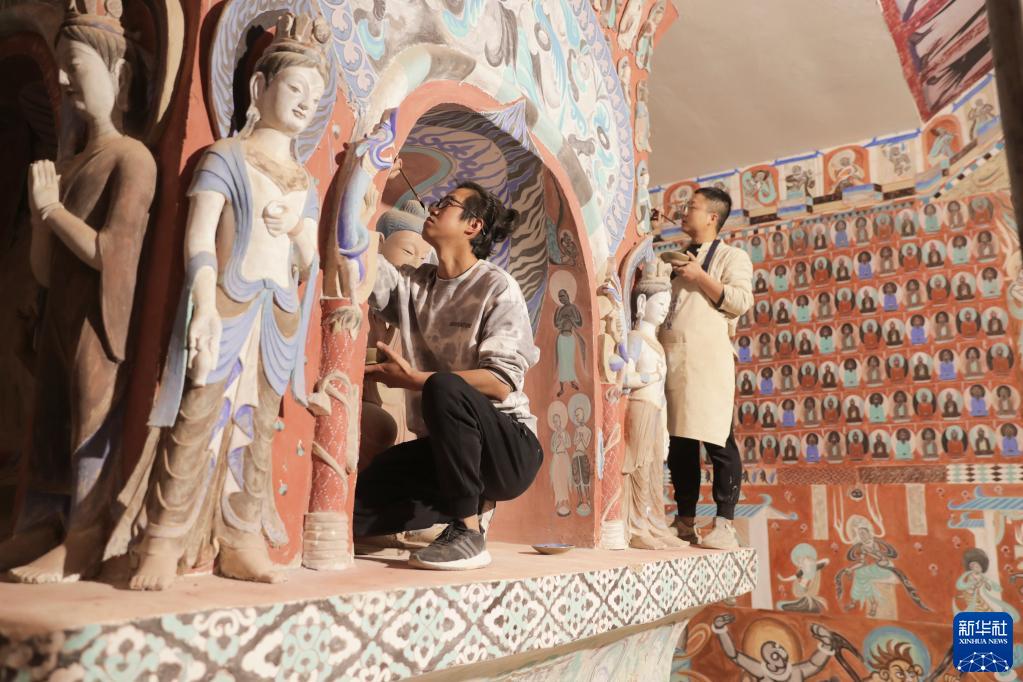 5月11日,在位于敦煌市的莫高里工匠村,學(xué)員為莫高窟復制窟進(jìn)行彩繪。
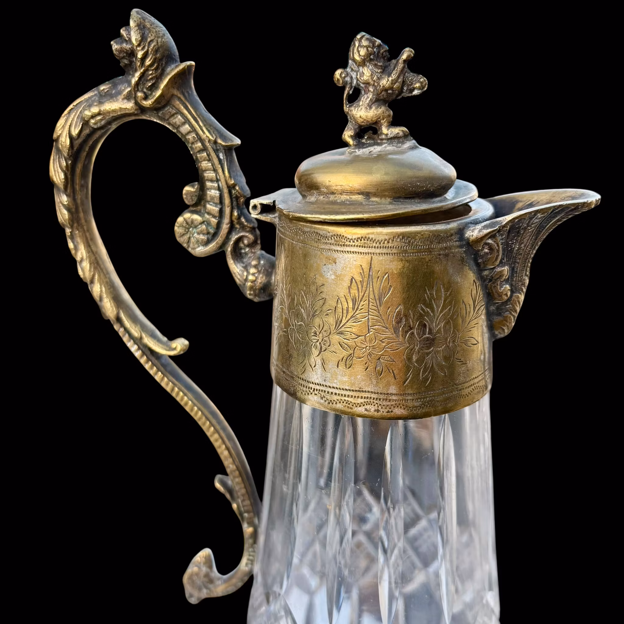 En unik och fantastiskt vacker vinkaraff från tidigt 1900-tal. Karaffen är i kristallglas och belagd metall. Dekorerat handtag med lejonhuvud. Inropad på auktio
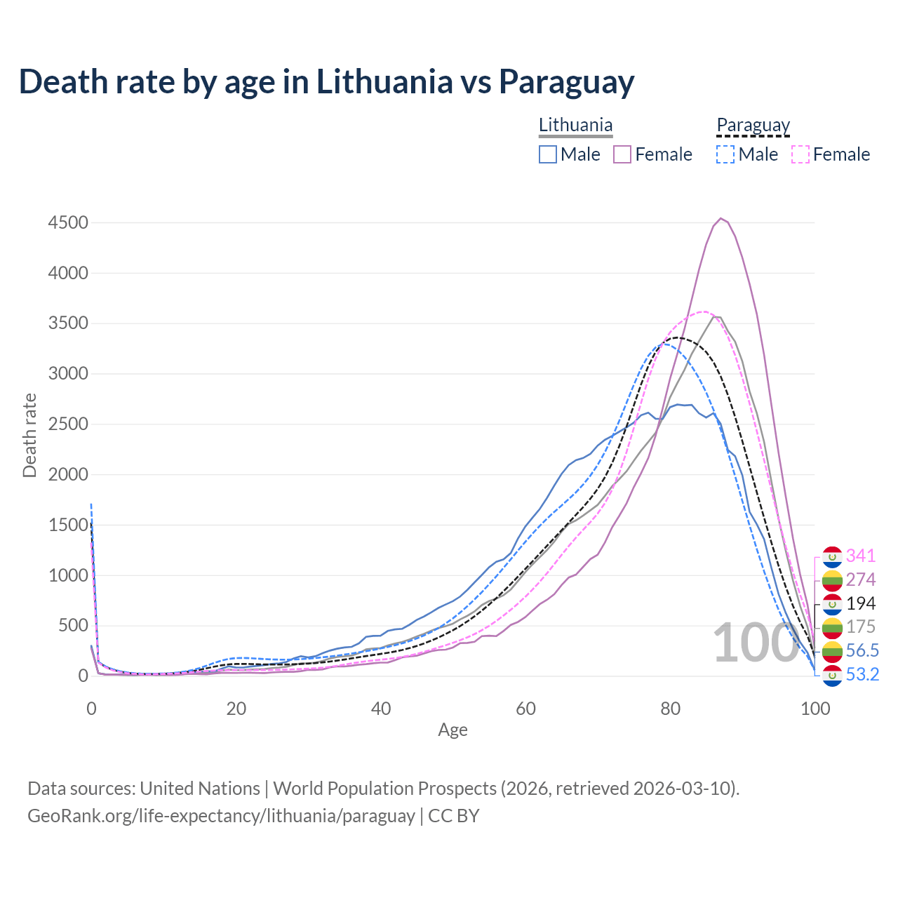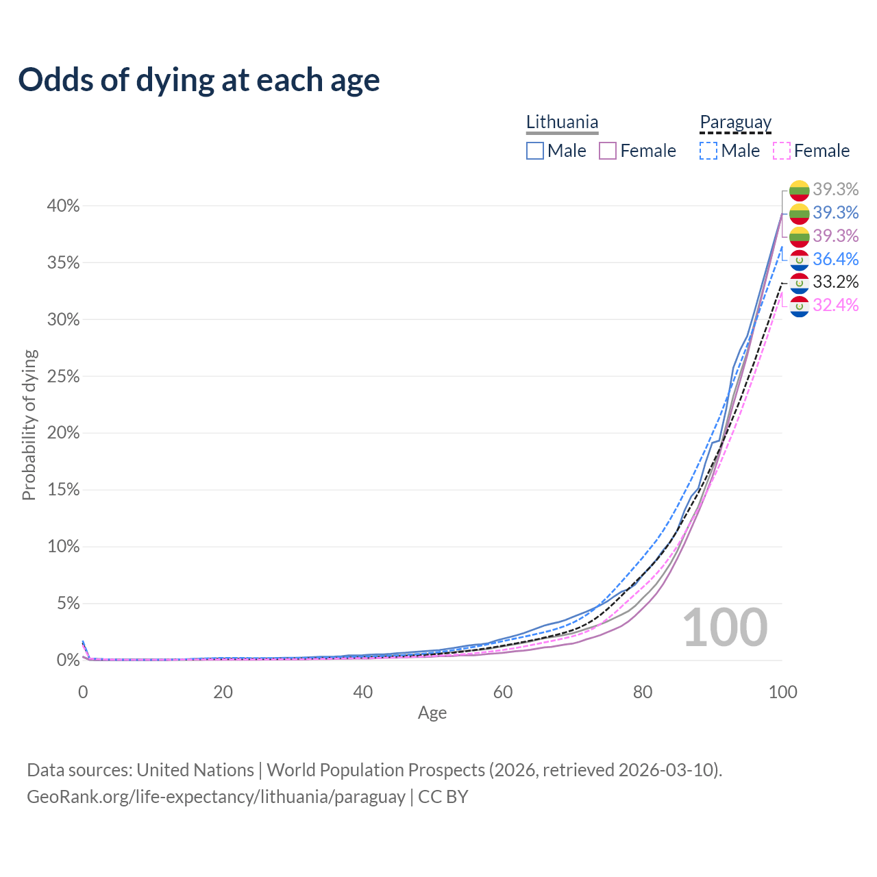 This life expectancy calculator shows the odds of living to 100, 95, 90, and below based on current age for both males and females in Lithuania and Paraguay, along with mean and median age of death. The calculations are based on the 2026 life tables (actuarial tables) from the UN World Population Prospects.
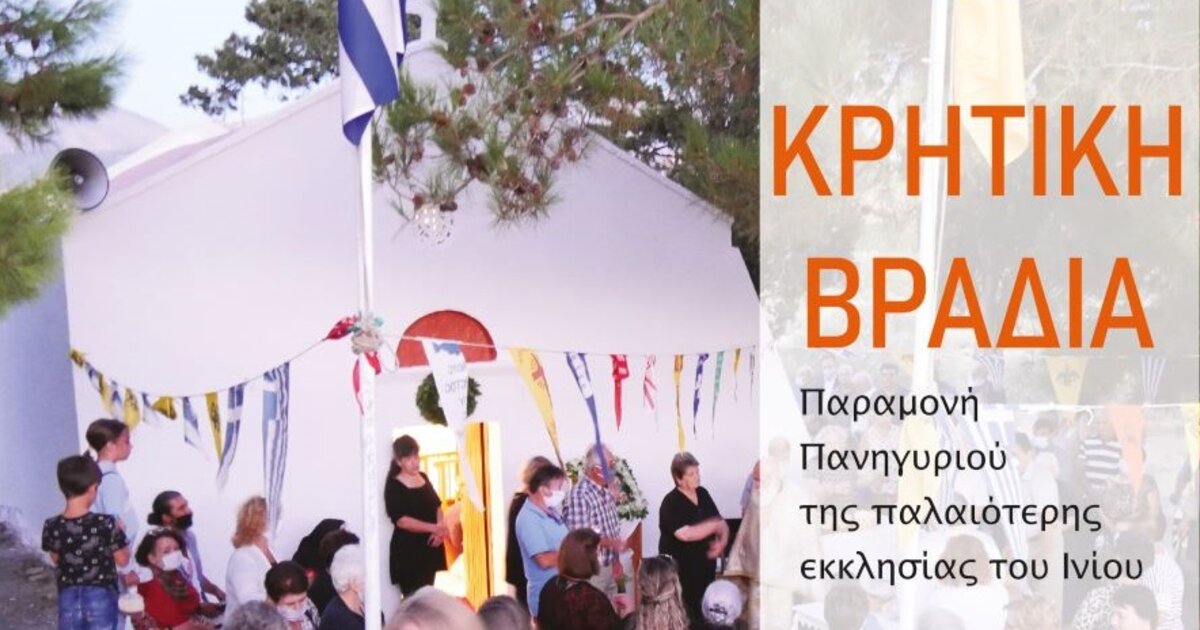 Με αφορμή το πανηγύρι του χωριού, «το Γενέσιο της Θεοτόκου», θα πραγματοποιηθεί η προγραμματισμένη «ΚΡΗΤΙΚΗ ΒΡΑΔΙΑ», στο μαγευτικό τοπίο της Κεράς, στις παρυφές του αρχαιολογικού χώρου της Ρωμαϊκής Αρκαδίας και του ανακαινισμένου Νερόμυλου, στο παλιό φράγμα Ινίου, το Σάββατο 07 Σεπτεμβρίου 2024, με ώρα έναρξης 20:30.
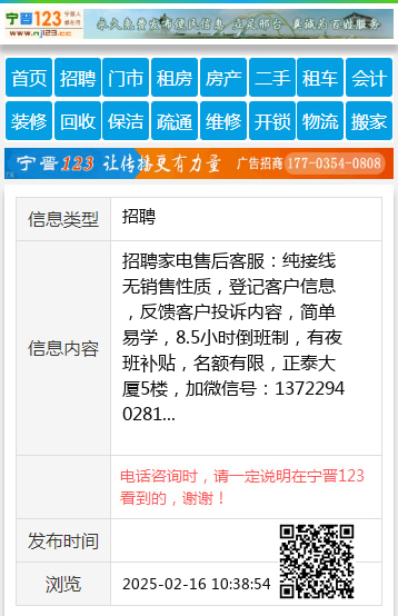 招聘家电售后客服:纯接线无销售性质,登记客户信息,反馈客户投诉内容,简单易学,8.5小时倒班制,有夜班补贴,名额有限,正泰大厦5楼,加微信号:13722940281 【电话咨询时,请一定说明在宁晋123看到的,谢谢!】 |
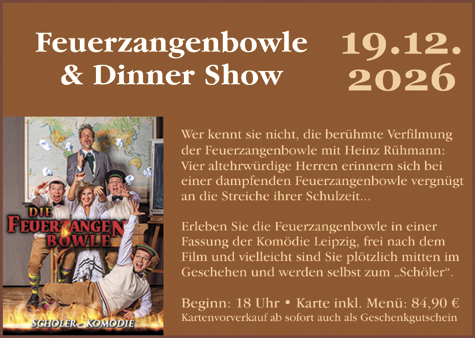 Erleben Sie die Feuerzangenbowle in einer Fassung der Komödie Leipzig, frei nach dem Film und vielleicht sind Sie plötzlich mitten im Geschehen und werden selbst zum "Schöler".
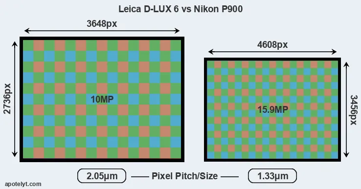 Despite having a smaller sensor, the P900 offers a higher resolution of 15.9 megapixels, compared with 10 MP of the D-LUX 6. This megapixels advantage comes at the cost of a higher pixel density and a smaller size of the individual pixel (with a pixel pitch of 1.33μm versus 2.05μm for the D-LUX 6). However, it should be noted that the P900 is much more recent (by 2 years and 5 months) than the D-LUX 6, and its sensor will have benefitted from technological advances during this time that make it possible to gather light more efficiently. Coming back to sensor resolution, it should be mentioned that the P900 has no anti-alias filter installed, so that it can capture all the detail its sensor resolves.
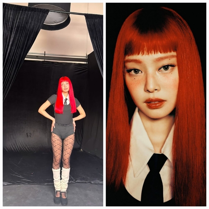 사진 속 제니는 직각 어깨를 강조한 실루엣과 시스루 망사 스타킹, 레그 워머로 개성 넘치는 룩을 완성했다. 특히, 긴 생머리에 강렬한 레드 컬러를 입힌 헤어스타일은 그녀만의 시그니처 무드와 실험적 감각을 드러냈다.
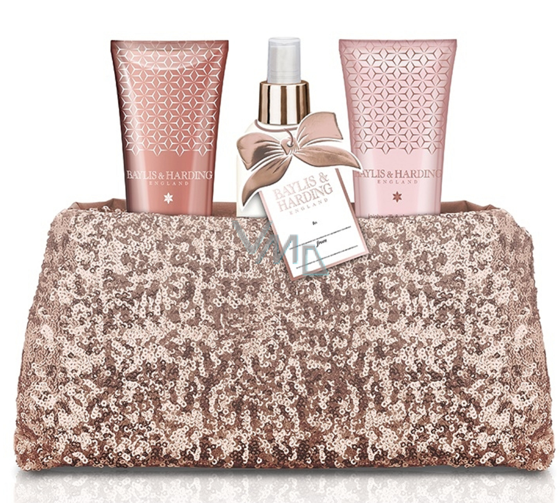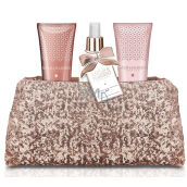 Dárková sada tří produktů péče o tělo s nádherně bohatou vůní jojoby, hedvábí a mandlového oleje v růžové flitrové kabelce.
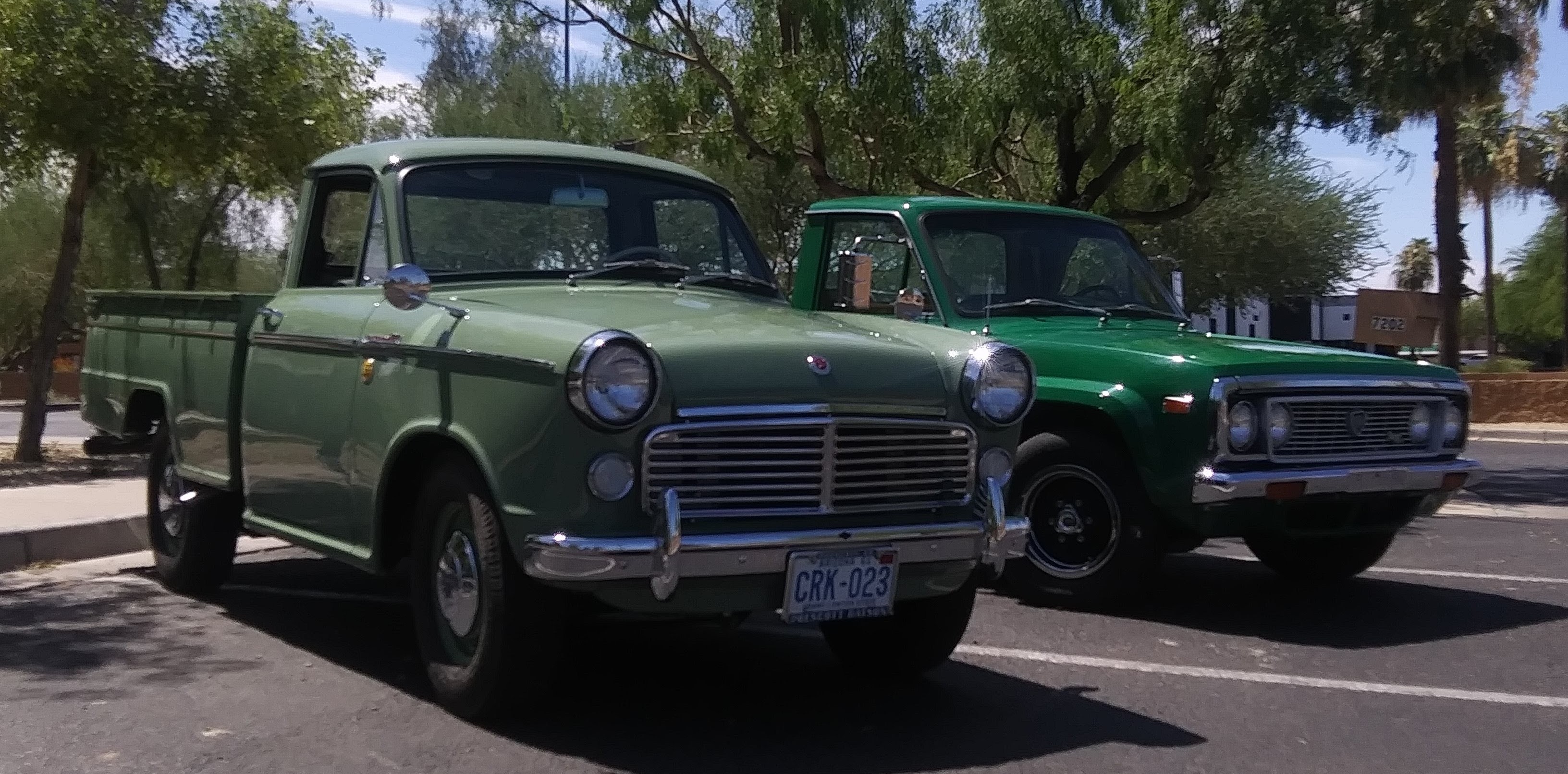 A 1962 Datsun 320 posing with a 1974 Mazda Rotary Pickup. Who said it's not easy being green?

* Exercise *
Output the lines of the data exactly, starting at the first and ending with the line that has "Erleben Sie die". Pictures are not part of it.

* Solution for this problem *
 5月11日,在位于敦煌市的莫高里工匠村,學(xué)員為莫高窟復制窟進(jìn)行彩繪。
 En unik och fantastiskt vacker vinkaraff från tidigt 1900-tal. Karaffen är i kristallglas och belagd metall. Dekorerat handtag med lejonhuvud. Inropad på auktio
 This life expectancy calculator shows the odds of living to 100, 95, 90, and below based on current age for both males and females in Lithuania and Paraguay, along with mean and median age of death. The calculations are based on the 2026 life tables (actuarial tables) from the UN World Population Prospects.
 Με αφορμή το πανηγύρι του χωριού, «το Γενέσιο της Θεοτόκου», θα πραγματοποιηθεί η προγραμματισμένη «ΚΡΗΤΙΚΗ ΒΡΑΔΙΑ», στο μαγευτικό τοπίο της Κεράς, στις παρυφές του αρχαιολογικού χώρου της Ρωμαϊκής Αρκαδίας και του ανακαινισμένου Νερόμυλου, στο παλιό φράγμα Ινίου, το Σάββατο 07 Σεπτεμβρίου 2024, με ώρα έναρξης 20:30.
 招聘家电售后客服:纯接线无销售性质,登记客户信息,反馈客户投诉内容,简单易学,8.5小时倒班制,有夜班补贴,名额有限,正泰大厦5楼,加微信号:13722940281 【电话咨询时,请一定说明在宁晋123看到的,谢谢!】 |
 Erleben Sie die Feuerzangenbowle in einer Fassung der Komödie Leipzig, frei nach dem Film und vielleicht sind Sie plötzlich mitten im Geschehen und werden selbst zum "Schöler".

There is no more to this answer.